The damage was not extensive — it wasn’t intended to be — but the message was loud and clear: You attacked us, and our shield stopped you. Now, you have felt the tip of our sword, which you cannot block.
This long war is far from over.
In that regard, recall that soon after entering the White House in 2009, then-President Barack Obama stated plainly, as had previous presidents, Democrats and Republicans, that the U.S. has “core national security interests in making sure that Iran doesn’t possess a nuclear weapon and it stops exporting terrorism outside of its borders.”
He set out to achieve that goal with many carrots and few sticks. “We have provided a path whereby Iran can reach out to the international community, engage, and become a part of international norms,” he said. “It is up to them to make a decision as to whether they choose that path.”
What followed, as Michael Oren, former Israeli ambassador to the U.S., noted in an essay last week in The Free Press, was “a relentless spate of Iranian aggressions,” including attacks on U.S. Navy vessels in the Persian Gulf, support for al Qaeda, and attempts to “assassinate the Saudi and Israeli ambassadors (including me)” in Washington.
Mr. Oren added: “Most egregiously, Iran constructed secret underground nuclear facilities and developed an intercontinental ballistic missile delivery system.”
Mr. Obama’s response was the 2015 Joint Comprehensive Plan of Action, aka the Iran nuclear deal, which failed to “make sure” that the jihadist regime would never “possess a nuclear weapon” it could use to threaten “Death to Israel” and “Death to America!”

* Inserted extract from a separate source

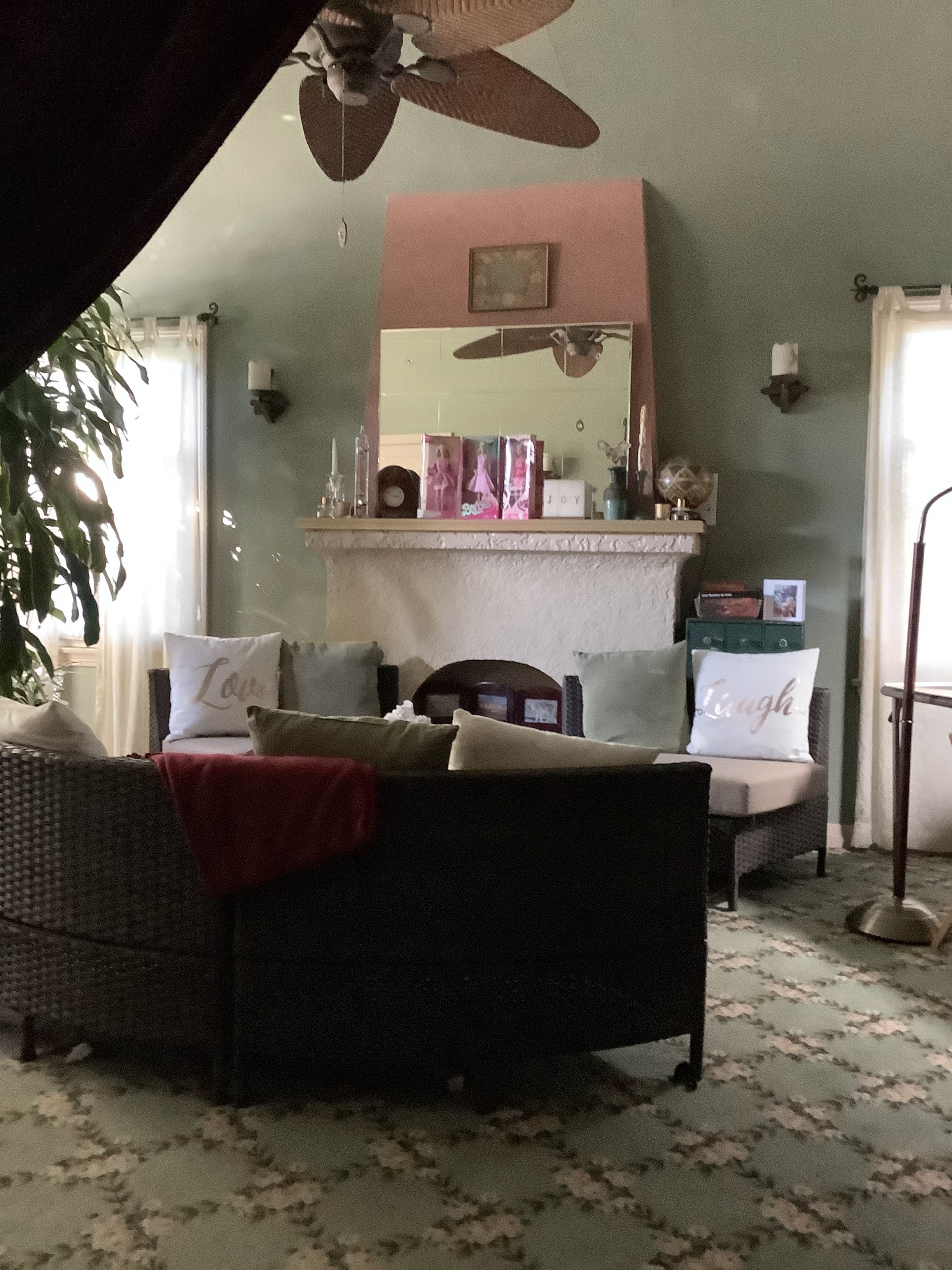 I found a place for my new Barbie. I put a couple of her friends on the mantle with her.
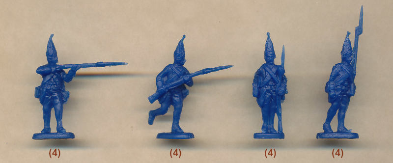 Like the other sets of Hessians produced by HaT at the same time as this one, the sculpting is very much on the ‘soft’ side when it comes to detail, so these are not good to look at. For example, although all the mitre caps have an engraved front plate, it is impossible to tell what design this is, and the faces are particularly bland, saved only by the presence of moustaches on all except the officer. The sword held by the officer is noticeably too short – the blade is 9.5 mm long (68.4 cm) when the real thing was around 83 cm in length, and the difference really shows. Grenadier companies had fifers rather than the hautbois, so it is good to see a fifer in this set, but amusingly the designer has not understood how this instrument is played, and so the fife is wedged under the nose of the unfortunate man rather than just below the mouth, where it should be. It is pleasing to report that in many areas flash is very minimal, but some seams are less clean than others, and there are a few areas of excess plastic between musket and body.

Instead, the agreement provided economic benefits to Iran’s leaders in exchange for their vague promise to make progress more slowly on their nuclear weapons program.
They were not asked to curb their development of missiles and support for terrorists.
Three years later, then-President Donald Trump withdrew from that deal and imposed sanctions that debilitated Iran’s economy. But when Mr. Biden moved into the White House in 2021, he attempted to revive Mr. Obama’s deal in an even weaker form.
He has since provided Mr. Khamenei with billions in funds that had been frozen, allowed some sanctions to expire, and failed to enforce others. He has made no serious effort to block Iranian oil sales.
Nor has he held Mr. Khamenei responsible for deploying Shiite militias to attack American bases in the Middle East or for providing weapons and other assistance to Tehran’s Houthi proxies in Yemen, which have been attacking shipping in the Red Sea.
Almost all of Mr. Khamenei’s nuclear advances — and there have been many — have occurred during the Biden administration.
Last Friday, the foreign ministers of the G7 (the U.S. and six other Western nations) released a statement asserting their “determination that Iran must never develop or acquire a nuclear weapon.”
It’s doubtful that those words on paper prompted Mr. Khamenei to reassess his grand ambition to establish a nuclear-armed, anti-American empire in league with the nuclear-armed, anti-American regimes in China, Russia and North Korea.
He continues to regard the Jewish state as a cancer to be extirpated.
That’s why what we’re witnessing is no rivalry or game of tit-for-tat. It’s a battle in a long war, one that will shape the world our children inherit.
• Clifford D. May is founder and president of the Foundation for Defense of Democracies (FDD) and a columnist for The Washington Times.